The only proof of damages other than cash taken from the box is an unexplained statement by Bernard Bidwell that he thought his automobile title was in the box before he discovered that the box was empty. On this record, it seems clear that the $20,000.00 verdict could only have been based on a finding by the jury that B.W. Bidwell put the $20,000.00 in cash he was holding in trust for Bernard into the box. This of course conflicts with its answer to the interrogatory that only $8,700.00 was removed from the box by Shirley Dykes.

There can be no reconciliation of these verdicts. We cannot say that either part of the jury’s response was surplusage or that the intent of the jury can be understood from the form of these verdicts. See Harrison v. Smith, 379 So.2d 517 (Miss.1980); Powell v. Thigpen, 336 So.2d 719 (Miss.1976); Henson Ford, Inc. v. Crews, 249 Miss. 45, 160 So.2d 81 (1964). See Miss. Code Ann. § 11-7-157 (1972).

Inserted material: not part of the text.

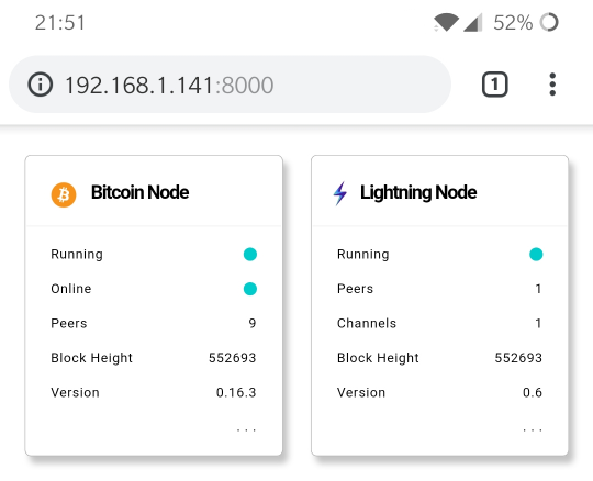 Both nodes (Bitcoin and Lightning) will likely show as not running. This is because we have not set up the authentication details yet.

The Bank argues that the interrogatory controls over the verdict for actual damages. This argument focuses our attention on an apparent misunderstanding of M.R.C.P. 49(b), which allows the trial court to utilize special verdicts. This provision is different from Fed.R.Civ.P. 49(b), which allows the trial court to pose interrogatories in conjunction with a general verdict. Mississippi has no parallel provision in its rules of procedure, but it appears the trial court here might have attempted to elicit a general verdict with an accompanying interrogatory. This was improper.

The Bank may be correct that Instruction P-3 should not have been given in that form in light of the absence of evidence of damages other than monetary loss of cash taken from the box.

Instruction P-3 and other instructions which correctly stated abstract principles of contract and negligence damages thus may have been misleading in this case. See Nielson v. Miller, 259 So.2d 702 (Miss.1972); Freeze v. Taylor, 257 So.2d 509 (Miss.1972). However, this does not mean that we should disregard the jury’s finding of damages in favor of its other finding.

Were we to consider the two verdicts as conflicting special verdicts, as provided for in our procedural rules, we would not choose one verdict over the other. Our Rule 49(b) is similar to Fed.R.Civ.P. 49(a). When faced with conflicting responses in special verdicts under the federal rule, it is generally held that a new trial is required. See Guidry v. Kem Mfg. Co., 598 F.2d 402, 406, on reh’g 604 F.2d 320 (5th Cir.1979); 9 C. Wright & A. Miller, Federal Practice and Procedure § 2510 at 517 (1971).

While special findings may supersede an inconsistent general verdict under Fed.R. Civ.P. 49(b) see Wright & Miller, supra, § 2513 at 529-30, such is not normally the case with special verdicts.

Based on the obvious confusion inherent in the jury’s response, this case is reversed. Since no appeal is taken from the peremptory instruction as to the Bank’s liability, a new trial is granted to determine damages only.

REVERSED AND REMANDED FOR NEW TRIAL ON THE ISSUE OF DAMAGES.

WALKER, C.J., ROY NOBLE LEE and HAWKINS, P.JJ., and PRATHER, ROBERTSON, SULLIVAN, ANDERSON and GRIFFIN, JJ., concur.